- _Task to complete_
Scan the listing below for the string "Biblioteka" and copy each line where it turns up.

- _Data supplied_
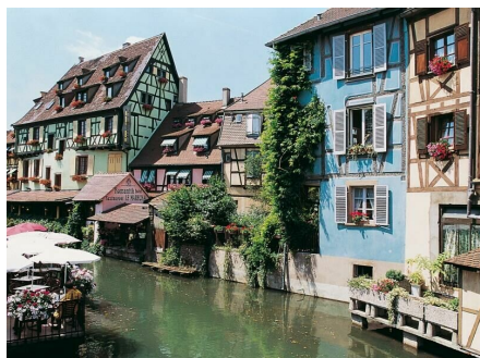
Stadtschätze und die Vogesen
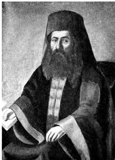
Ο Μητροπολίτης Σερρών Χρύσανθος.

3) Την διαχείριση των οικονομικών μέσων που συνέλεγε από τους ομογενείς για τον επαναστατικό αγώνα. Χαρακτηριστικό παράδειγμα αποτελεί η οικονομική ενίσχυση του Παπά, που έστειλε από την Κωνσταντινούπολη την ημέρα της επίσημης μνησέως του [21 Δεκεμβρίου 1819] προς τον Χρύσανθο. Σε σχετική επιστολή ο Παπάς αλληγορικά αναφέρει ότι δίνει τα χρήματα για την Σχολή του Πανελληνίου (δηλ. την οργάνωση του αγώνα της Επανάστασης) και πιο συγκεκριμένα: «Περί πλέον ο πατριωτισμός με υπαγορεύει να ενθυμηθώ και την δημιουργουμένην και μάλλον ήδη ενεργουμένην Σχολήν της Πατρίδος· διό και προσφέρω κατά το παρόν διά χειρός του Κωνσταντίνου Παπαδάτου γρόσια χίλια (No 1.000), ως προοφειλομένην συνδρομήν βοηθητικήν προς αυτήν, και ότε τύχη αγαθή βεβαιωθώ εις την μείζονα αποκατάστασιν και εκτέλεσιν αυτής της Σχολής του Πανελληνίου, υπόσχομαι το κατά δύναμιν όλην να συνεισφέρω, προς καταρτισμόν αυτής» 14 .
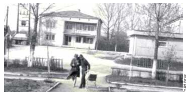
Biblioteka w Józefowie zbiera materiały w celu stworzenia wystawy prezentującej rozwój i życie Józefowa na przestrzeni lat

Z okazji obchodów 300-lecia miasta Józefowa Miejska Biblioteka Publiczna w Józefowie zwraca się z uprzejmą prośbą o udostępnienie starych zdjęć oraz publikacji związanych z historią naszego miasta.
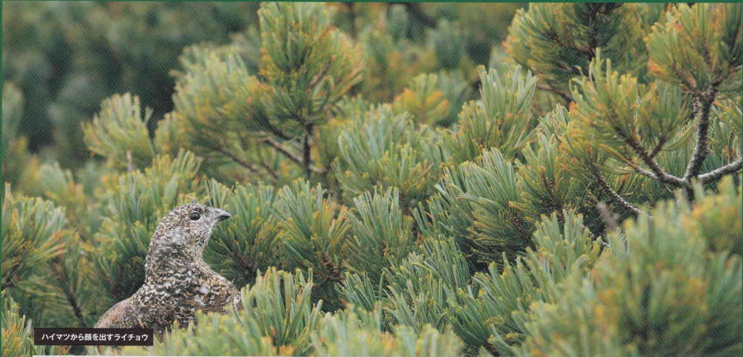
ハイマツから顔を出すライチョウ
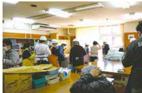
写真はいずれも令和3年度開催の同訓練の様子

- _Expected answer_
Biblioteka w Józefowie zbiera materiały w celu stworzenia wystawy prezentującej rozwój i życie Józefowa na przestrzeni lat
Z okazji obchodów 300-lecia miasta Józefowa Miejska Biblioteka Publiczna w Józefowie zwraca się z uprzejmą prośbą o udostępnienie starych zdjęć oraz publikacji związanych z historią naszego miasta.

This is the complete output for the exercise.